Primitive Man / Spectral Voice in Toronto, March 2018

Devastating death metal is the order of the night. Concrete slab-throwers Primitive Man have returned to desecrate TO alongside fellow Denver inhabitants Spectral Voice – one of the more dynamic acts to ignite the death metal subterranean in recent history. Lee’s Palace is buzzing with extreme metal adherents eager to abuse their aural capabilities.

Primitive Man & Spectral Voice @ Lee’s Palace, 24 March 2018

with openers Minors and IRN


Spectral Voice

Dark Descent Records boys Spectral Voice were birthed in 2012 but released their debut full-length Eroded Corridors of Unbeing last year, following a spate of demos, some of which made waves in the dank death metal underground. These Colorado dwellers probably garnered a sizeable portion of their fan base from their other act, the highly lauded tech death outfit Blood Incantation. Not bad being a part of two of the premier underground death metal outfits! The four-piece waste no time ushering typically ’90s-sounding death doom metal. The guitar tone has the same level of antisocial brutality that Evoken have, although the music is less focused on complexity and atmosphere in favour of straight-forward bludgeoning like Disma.

Playing funeral doom in front of intoxicated punters as a support is a brave risk for obvious reasons but Spectral Voice’s face-rearranging rhythms, introspective guitar leads and ancient death meal homage equip the music with an energetic sensibility that transposes itself well into the live realm; the audience’s reaction appears to corroborate this. ‘Thresholds Beyond’ and ‘Terminal Exhalation of Being’ are particular highlights and the Americans’ animated stage presence oversees no deficit of heads banging.
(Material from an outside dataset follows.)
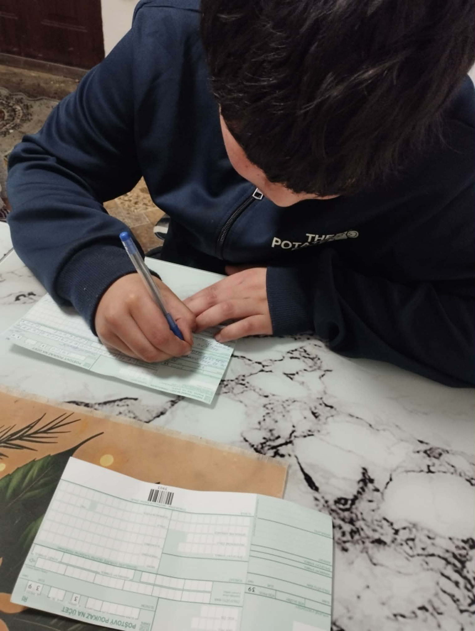 Aktivita bola zameraná na praktické oboznámenie mládeže s vypĺňaním poštového šeku. Mládež sa najskôr oboznámila s jednotlivými časťami seku a s ich významom. Potom krok za krokom sme si vysvetlili ako správne a čitateľné vyplniť, a na čo si dávať pozor. Následne si mládež vypĺňanie šeku vyskúšala samostatne na vzorových tlačivách.

The black cherry on the top is that the sound is great and increases the dread factor. This is a stellar performance that communicates the music even better than listening to the record.

www.facebook.com/Necroticdoomspectralvoice.bandcamp.com


Headliners Primitive Man have their work cut out for them in surpassing their support. It’s surprising to see them back live in Toronto so soon following their debut North American trek in November with Bell Witch. It’s encouraging to see them play Lee’s Palace, double the size of the Coalition, where they were last crushing skulls. For a trio, they sure are a noisy collective. For the whole set, frontman ELM has his microphone stand facing to the side of the stage, avoiding frontal contact with the crowd. Their harrowing notes can collectively be termed sludge/doom with plenty of death metal influence. The music is simultaneously chilling, pressurizing and violent. It’s like getting your skin dissolved by corrosive acid, very depressing and hate-strewn music.

A heady helping from last year’s sophomore album Caustic is aired out including ‘My Will’, ‘Victim’ and ‘Tepid’. The music drags its weighted toxic corpse through the venue, leaving a sulphuric scent in the air. The sound remains fantastic for Primitive Man, sounding optimally sludgy without the instruments bleeding into each other. It’s challenging metal to appreciate and could be the reason why some attendees’ patience is whittling away and their banal conversations disrespectfully perforate Primitive Man’s music. There is more variation that meets the eye on display. Guitars are punctuating, stinging or foreboding. The drums alternative between death metal stomps and sinister build ups. Admittedly, the three-piece are not as vigorous as Spectral Voice but the music is still deliciously misanthropic and spiteful on its own merit. Their set ends quite abruptly and without an encore but satisfyingly enough. As a standalone act, they can be considered solid but playing after Spectral Voice is a difficult act to follow. Still a glorious night for two different but equally intriguing strains of malignant metal.